The keys to understanding search optimization in social media communities are twofold:
        People search differently than they converse. Over the years since Google's inceptions, the global community has been taught to search in very finite ways. When Google first appeared, searching for "shoes" didn't bring you back the millions of pages it does now. With time, Google trained us to get very specific with our searches, as evidenced by Google reporting that 54.5 percent of queries done on its search engine are three or more words in length.
        In social media communities, we don't have a need to be so specific; our networks inherently know, most of the time, what we are talking about. That's even more so when the social media community is centered on a very specific topic. We also use slang, jargon, and abbreviations much more in the casual conversations that take place in social communities than we do when we search. This is why you can't just rely on your PPC or SEO keyword list to help you find conversations in social media communities; you have to expand a bit and understand how the community "talks" about you as opposed to searching for you.
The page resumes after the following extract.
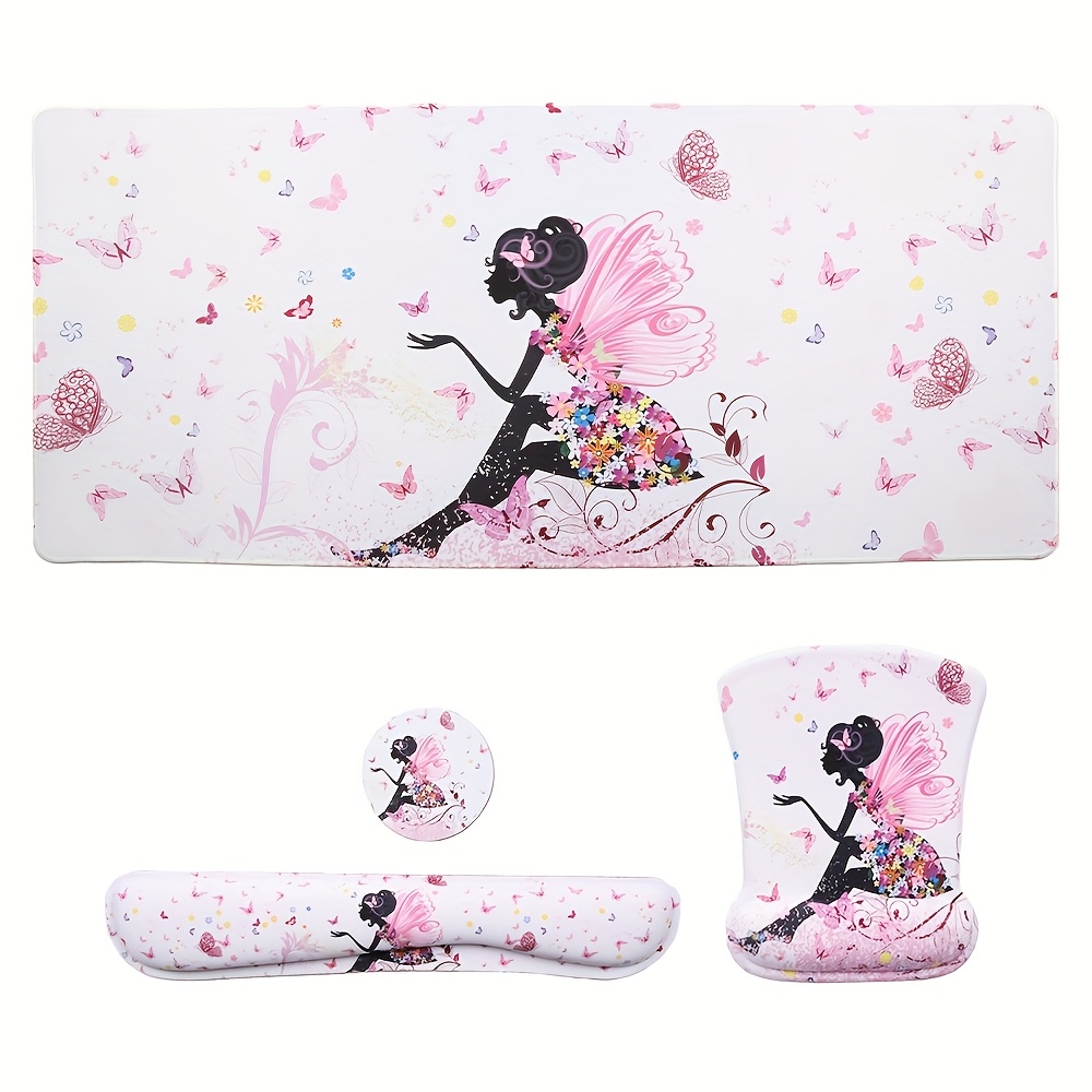 4 in 1 Keyboard and Mouse Pad, Extended Mouse Pad with Stitched Edges, Mouse Pad and Keyboard Wrist Rest, Smooth Gaming Mouse Pads, Keyboard Mats for Desk, Pink and Butterfly Gir

        Social media communities aren't search engines. Contrary to popular belief, saying "Find us on Facebook," doesn't work the same way as saying "Find us on Google." Facebook isn't a search engine, Google is. Facebook is a social network community that relies on different "points" or "triggers" in an algorithm than a search engine does. If your company is new to me, and you say "Find us on Facebook" without giving the vanity URL and I've never been to your fan page, nor have any of my friends, I'm not likely to find you, unless I know to click on "more results." Not a lot of Facebook users know to do that.
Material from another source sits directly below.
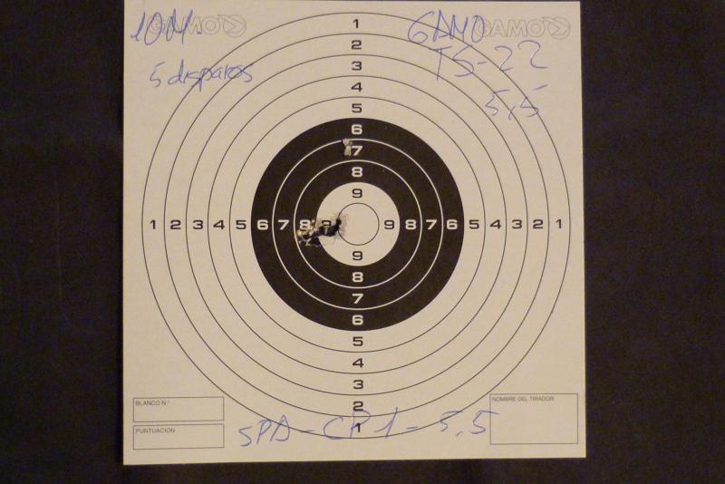 En cuanto a precisión, os dejo unas dianas con distintos balines, (lo siento, no tenia JSB aquí en casa, en otra ocasión lo haré), pero los resultados han sido buenos, he de decir que la distancia es 10 metros, a mano alzada y con el arma según ha salido de la caja, sin ajustar miras ni nada y yo que no soy tirador profesional.

        Search engines tend to look at an entire picture, meaning, content on a page, title tags, links into the content, how much has it been shared, and so forth. Social media communities only look at the data within their own site to "rank" something in a search. That's because their main focus is connecting people within their own community's walls, not reaching beyond it like a search engine does.
Taking these two points into your strategy creation will help you immensely down the road, because you still need to be found in social media communities as much as you need to be found in the search engine listings. Understanding how they differ will help your optimization team balance the right kind of optimization efforts. Also, understanding what your key goals are at the end of the day is imperative too.
Is it more important to gain search engine ranking for your content or to gain massive sharing within the community you've chosen to engage? These are two very different goals, where it seems that optimizing for one would automatically help the other…but a lot of times it doesn't. When you are optimizing your content for maximum sharing in social communities, your content needs to be optimized to speak to the community. When you're optimizing your content for the search engines, your content needs to be relevant for specific keywords or keyword phrases.
Still, the search optimization principals are the same:
        Optimize your titles, subtitles, and headers
        Optimize your content
        Optimize your links' anchor text (if you can control them)
        Optimize your sharing (get the right verbiage and people will share it the way you want them to)
        Optimize your digital assets
SEO isn't dead. Honestly, it's not. You just have to realize how to work its key principles into your efforts in social media marketing for success in both areas of online marketing.